FeatureRunning shoesTennis shoes
Stack height HighLow
Lateral support/StabilityLessMore
DurabilityLess durableMore durable
TractionLess aggressiveMore aggressive and multidirectional
Summary of the differences between running shoes and tennis shoes.

Using Running Shoes for Tennis

You can use running shoes for tennis when you’re playing casually with your friends or just trying out another form of exercise once every two weeks. After all, it’s a waste to spend another $100 to get yourself a new pair of tennis shoes that you won’t use often.

However, wearing running shoes when you’re playing at a higher level or you’re playing tennis more than 2 times a week is not ideal. I recommend you get yourself a pair of tennis shoes.

Running shoes don’t have the support and stability it requires for advanced plays like aggressive lateral movements, cutting, turning, quick stops, and sudden changes in direction. 

In addition, running shoes aren’t durable enough to handle those kinds of plays for long periods of time. 

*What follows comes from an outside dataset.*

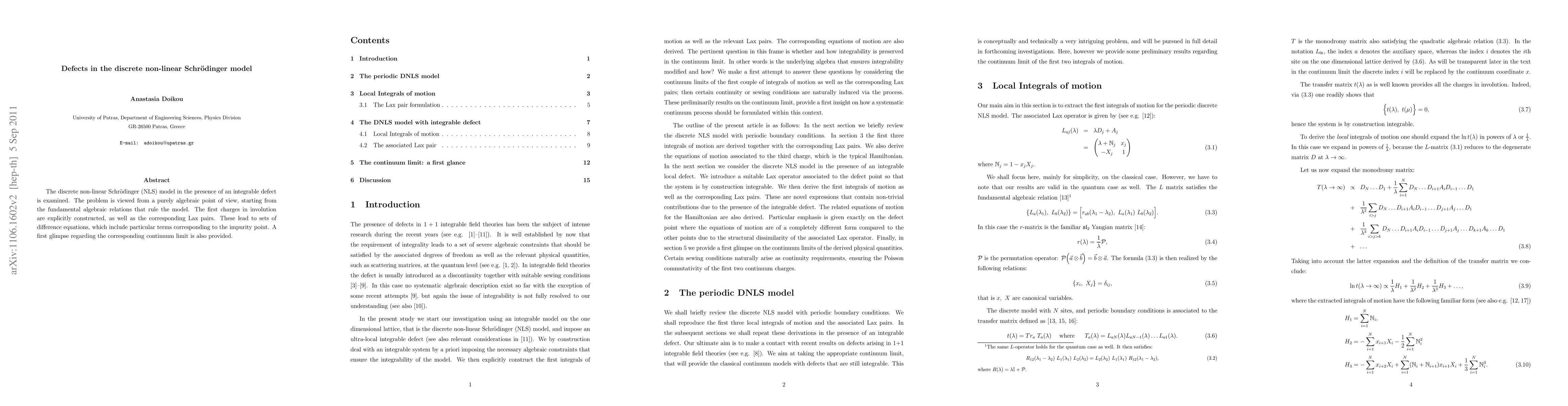 Researchers studied defects in a discrete non-linear Schrodinger model using algebraic methods to understand the behavior of impurities and their impact on the system's dynamics. The study aimed to provide insights into the continuum limit of the model by analyzing difference equations and Lax pairs.

What to expect when using running shoes for tennis

It’s important to know what to expect in case you decide to use your running shoes for tennis. That way, you will be able to prevent injuries or downplay movements until you get a pair of tennis shoes. 

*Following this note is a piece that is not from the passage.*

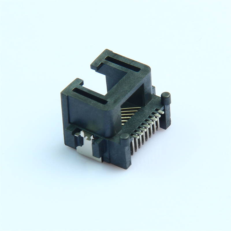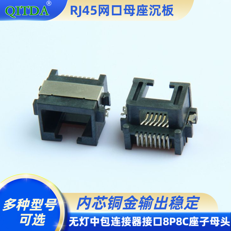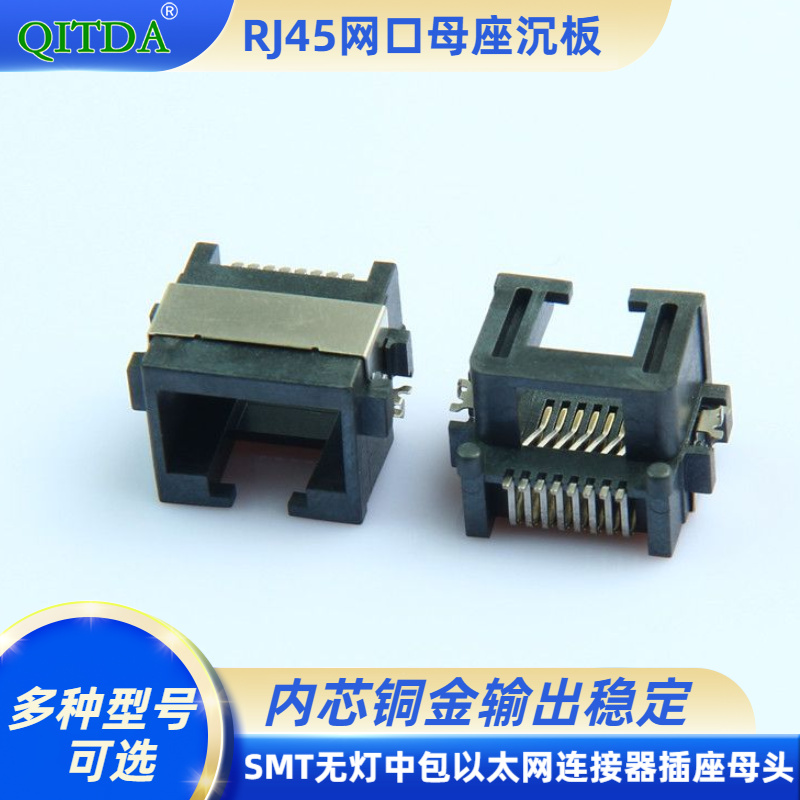 • RJ45网口沉板式母座H8.6 SMT无灯中包连接器接口8P8C座子母头

#1 You might roll an ankle – Because running shoes have high stack height and have no lateral support, it’s easy to roll an ankle. So chasing the tennis ball on opposite sides of the court could become a challenge. 

#2 It’s slippery on-court – Since most running shoes minimize the outsole to only the spots of ground contact, that also means it will provide less traction on lateral movements and sudden changes in direction. 

#3 Your shoe will be damaged – Since running shoes use lighter materials, it also means it’s less durable. So when you use it for aggressive activities such as tennis, expect it will get damaged faster. 

#4 You will feel unstable – Running shoes are designed to increase the efficiency of your heel-to-toe transition. That means it tips you forward by sacrificing stability. 

#5 It’s less responsive – Because the midsoles of most running shoes are soft, it decreases the shoes’ responsiveness because it delays ground contact and absorbs some of the force you exerted. That means reacting to the tennis ball may have some delay. 

#6 It can hurt your feet – Wearing running shoes in tennis may result in chafing, blisters, or even dead toenails. That’s because your feet may slide around the shoe and cause friction or trauma.

Related post: Why Your Running Shoes Hurt Your Feet and What to Do About It

The best alternative to tennis shoes

If you don’t want to get a pair of tennis shoes at the moment, don’t worry! There are a few athletic shoe options that may be sitting on your shoe rack that can provide enough support to play tennis.

  • Basketball shoes
  • Volleyball shoes
  • Badminton shoes
  • Cross trainers

Like tennis shoes, these shoes are designed for lateral movements and sudden changes in direction. So if you have them lying around, use them instead of your running shoes. 

I included cross trainers because most have decent stability and traction. Also, most athletic people already have a pair of cross-trainers at home. That includes CrossFit shoes like the Reebok Nano X

Final thoughts

There’s a reason why there are specific types of athletic shoes for different sports. And although you can use shoes for any sport, it might limit your ability to perform. 

If you’re just trying out a sport or just want to do it to have fun with your friends every once and a while, then it’s perfectly reasonable to not buy a sport-specific shoe. 

But if you’re beginning to do a specific sport more often, then I highly recommend that you buy yourself a pair. It will keep you safe and allow you to perform at your best. 

Nicho Mauricio

Running wasn't always my favorite sport. I was a CrossFit athlete and I loved every bit of it. But since the pandemic began, I was forced to stay away from the gym and train at home instead. Things got boring. That's when I decided to trail run with my friends. I instantly got hooked. So I started training and researching all things running. As a beginner, I want to buy only the best running gear and do only the best practices. This blog is where I share what I've learned in my journey and my experiences as a runner.